Canto al menú de cervecera

Canto al menú de cervecera
JESÚS ANDRADE

Una ensalada mixta con un pollo resulta una comida completa con un alto aporte nutricional, que bien podría hacerse un día a la semana

Fermín Apezteguia
FERMÍN APEZTEGUIA

Está a punto de comenzar la temporada de cerveceras y la mejor noticia que cabe esperar de una sección como ésta, dedicada a la nutrición, es que sí, que se puede y que, además, resulta sanísimo. Un menú consistente en una ensalada mixta, aunque sea la más sencilla a base sólo de lechuga, cebolla y, como mucho, un poco de tomate, que es como la ponen en todos los sitios, acompañada de un pollito asado (para compartir, claro) constituye una buena opción desde el punto de vista nutricional para zampar un día a la semana. Se puede incluso disfrutar de algún pimiento verde frito y un par de patatas fritas, pero sin emocionarse, que tienen su carga. ¿Otra buena noticia? Un buen helado de postre no sólo se puede, sino que se agradece. Siga leyendo y sabrá por qué.

«Me parece un menú estupendo», valora la nutricionista Mónica Martínez, del centro médico Amárica IMQ de Vitoria. «La ensalada, incluso la más sencilla tiene muchos nutrientes y el pollo añade a nuestro menú un alto valor proteico», explica la especialista. El verano, que está a la puerta de la esquina, es para disfrutarlo... y el tiempo que tarde en llegar, también. Estas son las claves que ha de tener en cuenta cuando se siente a la mesa de una cervecera, más allá de la principal: la mejor comida es la que se hace en buena compañía.

Ensalada. Uno de los platos más completos que puede disfrutarse, a pesar de que las de cervecera son, posiblemente, las más sencillas que uno puede encontrar en cualquier restaurante. Por norma general, cuantos más colores tenga, mejor, porque cada uno de ellos es la representación natural de su principal componente. No importa. El 85% del contenido de la lechuga, la cebolla y el tomate es pura agua, pero el resto, calorías, nutrientes básicos y sensación de frescura y saciedad.

Pollo asado. Uno de los platos más jugosos y apetecibles, con abundantes nutrientes y el beneficio añadido de que –aunque siempre hay excepciones y ésta sería de las raras– gusta a toda la familia. Rico en proteínas de alto valor biológico, contiene minerales como potasio, fósforo, magnesio, hierro y vitaminas C, B12 y ácido fólico, esenciales para la vida. Es además carne blanca, pobre en grasa. Tiene dos inconvenientes, pequeños. La piel, tostadita y con su jugo, gusta, pero es mejor evitarla. Contiene la mayor concentración de grasa (48%) que puede encontrarse en el animal y se considera que en ella se acumulan sustancias no deseables, como agentes contaminantes, farmacológicos y hormonas. Hay quien asegura que no es tóxica y que sale al mercado con todos los avales sanitarios. Lo lógico es que así sea, y bien cocinado tampoco tiene por qué dar problemas, pero desde el punto de vista nutricional, el exceso de grasa parece razón suficiente para retirarla en el plato. El otro inconveniente es la salsa, un mejunje que no se sabe exactamente con qué se elabora y que sólo aporta calorías puras y duras. Si no se resiste, allá usted, pero el consejo profesional es «fuera salsa y piel».

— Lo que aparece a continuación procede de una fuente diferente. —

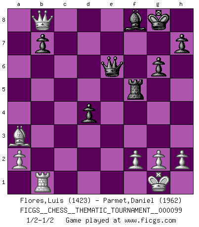 Last move : 1/2-1/2 2010 February 7 21:13:10 [Event "FICGS__CHESS__THEMATIC_TOURNAMENT__000099"] [Site "FICGS"] [Date "2009.12.02"] [Round "1"] [White "Flores,Luis"] [Black "Parmet,Daniel"] [Result "1/2-1/2"] [WhiteElo "1423"] [BlackElo "1962"] 1.d4 Nf6 2.c4 g6 3.Nc3 d5 4.cxd5 Nxd5 5.e4 Nxc3 6.bxc3 Bg7 7.Nf3 c5 8.Bc4 O-O 9.O-O Nc6 10.Be3 cxd4 11.cxd4 Bg4 12.d5 Ne5 13.Rc1 Rc8 14.Be2 Nxf3+ 15.Bxf3 Rxc1 16.Bxc1 Bxf3 17.Qxf3 Qd7 18.Qa3 f5 19.d6 exd6 20.exf5 Rxf5 21.Qxa7 d5 22.Ba3 d4 23.Rb1 Qe6 24.Qb8+ Bf8 1/2-1/2 King's Indian defense, 3.Nc3 Kingside Castling by player Black (move 8) Kingside Castling by player White (move 9) This chess game ended in a draw. Follow this game move after move (download)I'm not afraid of Spassky. The world knows I'm the best. You don't need a match to prove it. (Bobby Fischer) Wenn es im Universum noch irgendwo intelligente Lebewesen gibt, dann kennen sie Go. (Emanuel Lasker) Un entendimiento minucioso de las típicas continuaciones de mate hacen de las mas complicadas combinaciones de sacrificio que conducen hacia ellas no solo no dificiles, sino casi un asunto de rutina. (Siegbert Tarrasch) Une platitude souvent récitée à propos des Echecs est qu'une des choses les plus difficiles à réaliser est de gagner une position gagnante. Cela ne manque pas de sens mais, pour ma part, j'ai toujours trouvé plus difficile de gagner une position perdante. (Tim Krabbe) Is not life a hundred times too short to bore ourselves ? (Friedrich Nietzsche)

Patatas fritas. Hay que reconocerlo: son mmm... Muy ricas. En casa, cada uno tiene sus trucos, pero las de cervecera también gustany entran fenomenal. Pero son un peligro, una bomba calórica. Absorben mucho aceite, que no es más que grasaza añadida y quizás no de la mejor. Con el aceite de la ensalada, que posiblemente sea de oliva, tiene suficiente.

Pimientos verdes fritos. Es difícil resistirse a ellos, pero como las patatas, acumulan demasiado aceite. No se pase, pero tampoco se prive. «Con uno o dos va bien», permite Mónica Martínez.

Cerveza. Es la cosa de la cervecera, aunque no debe olvidarse que se trata de una bebida alcohólica, de baja graduación, bien,pero no quita la sed. 100 mililitros contienen 42 kilocalorías, lo mismo que un refresco de cola. Cada uno es responsable de su salud.

Sorpresita. Y el mejor postre, lo prometido, un helado, «que el frío ayuda a hacer la digestión». Evite los cremosos y de chocolate. Mejor los caseros y de hielo. ¡Y a vivir!